Landowner Liability for Injuries Occurring off Premises

Off Premises Injury

Landowner Liability for Injuries Occurring off Premises

“Although a landowner is most commonly liable for injuries that occur on the property, there are occasions when a landowner may be liable for a dangerous condition that results in injury off the premises.” Johnson v. Howard Mark Prods., Inc., 608 So. 2d 937, 938–39 (Fla. 2d DCA 1992) (citations omitted).

“A landowner’s conduct can give rise to a zone of risk extending beyond the physical boundaries of his property when harm reaching outside those boundaries is foreseeable.” Almarante v. Art Inst. of Fort Lauderdale, Inc., 921 So. 2d 703, 705 (Fla. 4th DCA 2006) (citation omitted).

“In other words, the general standard of care which the common law places on all landowners to protect invitees under a wide spectrum of circumstances can authorize a case-specific standard of care requiring protection of invitees on nearby property if the landowner’s foreseeable zone of risk extends beyond the boundaries of its property.” Johnson, 608 So. 2d at 938–39.

In Johnson, the defendant operated a nightclub that did not provide adequate parking for its customers. Johnson, 608 So. 2d at 938. As a result, the customers often parked on the opposite side of an adjacent, unlit highway that required the customers to walk across the highway in the dark. Id. The owner of the nightclub did not own, possess, or control this property. Id.

One evening the decedent was struck and killed by an automobile while attempting to cross the highway to patronize the nightclub. Johnson, 608 So. 2d at 938. The decedent’s estate alleged that the defendant knew or should have known that the inadequate parking was a dangerous condition. Id. The Court reversed a summary judgment entered in favor of the defendant finding that a reasonably foreseeable zone of risk may have been created because the defendant did not provide adequate parking for its customers. Id.

In Poe v. IMC Phosphates MP, Inc., 885 So. 2d 397 (Fla. 2d DCA 2004), the Court addressed two additional theories on which the Plaintiffs can establish a premises liability claim. Under the first theory, “a traveler who enters private land that appears to be a continuation of the public highway becomes an implied invitee.” Id. at 401. “Under such circumstances, the owner of the land may be held liable for injuries sustained by the traveler resulting from the property owner’s failure to exercise due care to keep the property in a reasonably safe condition for travel.” Id.

In this circumstance, the cause of the plaintiff’s entry onto the property determines his status either as an invitee or as an uninvited licensee or a trespasser and, therefore, the extent of the landowner’s responsibility. Poe, 885 So. 2d at 402. “This question involves issues of material fact not subject to determination on summary judgment.” Id. Further, “[t]he status of the person on the premises of another is generally a question of fact.Id. (quotation omitted). Assuming the plaintiff was an implied invitee on the landowner’s property, “additional questions of fact arise concerning whether [the landowner] kept its property in a reasonably safe condition for travel.” Id.

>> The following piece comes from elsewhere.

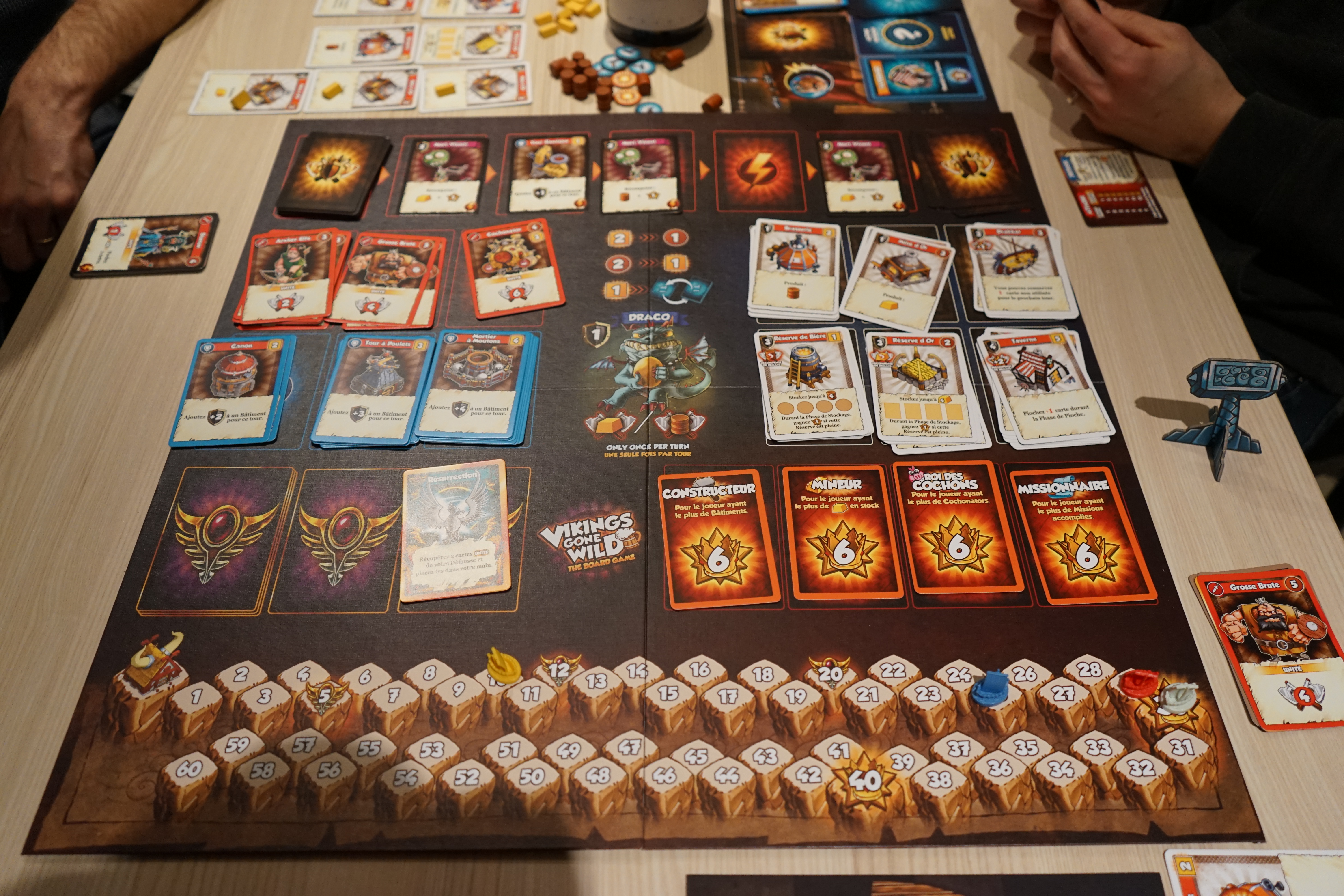 Dans Vikings Gone Wild on incarne des chefs de clans qui veulent prouver aux Dieux qui est le plus malabar. Le mécanisme de base du jeu est le deckbuilding, saupoudré de gestion de ressources. On va donc jouer avec un deck de cartes, qu’on va essayer d’optmiser pendant la partie pour être le premier à atteindre l’objectif de points de victoire.

The second additional theory, as noted by the Court in Poe, is found in the Second Restatement of Torts. Poe, 885 So. 2d at 404.

A possessor of land who creates or permits to remain thereon an excavation or other artificial condition so near an existing highway that he realizes or should realize that it involves an unreasonable risk to others accidentally brought into contact with such condition while traveling with reasonable care upon the highway, is subject to liability for physical harm thereby caused to persons who (a) are traveling on the highway, or (b) foreseeably deviate from it in the ordinary course of travel.

Id. (quoting Restatement (Second) of Torts § 368).

“In cases where section 368 applies, there are generally questions of fact concerning: (1) whether the . . . artificial condition on the property in fact involved an unreasonable risk of harm to others; (2) whether the owner realized or should have realized that an . . . artificial condition on his property involved an unreasonable risk to others; (3) whether the person or persons sustaining injury were traveling with reasonable care upon the highway; and (4) whether it was foreseeable that the person or persons injured might deviate from the highway in the ordinary course of travel and come into contact with the . . . artificial condition.” Id. The Poe Court found that these are “questions of fact to be decided by a jury.” Id.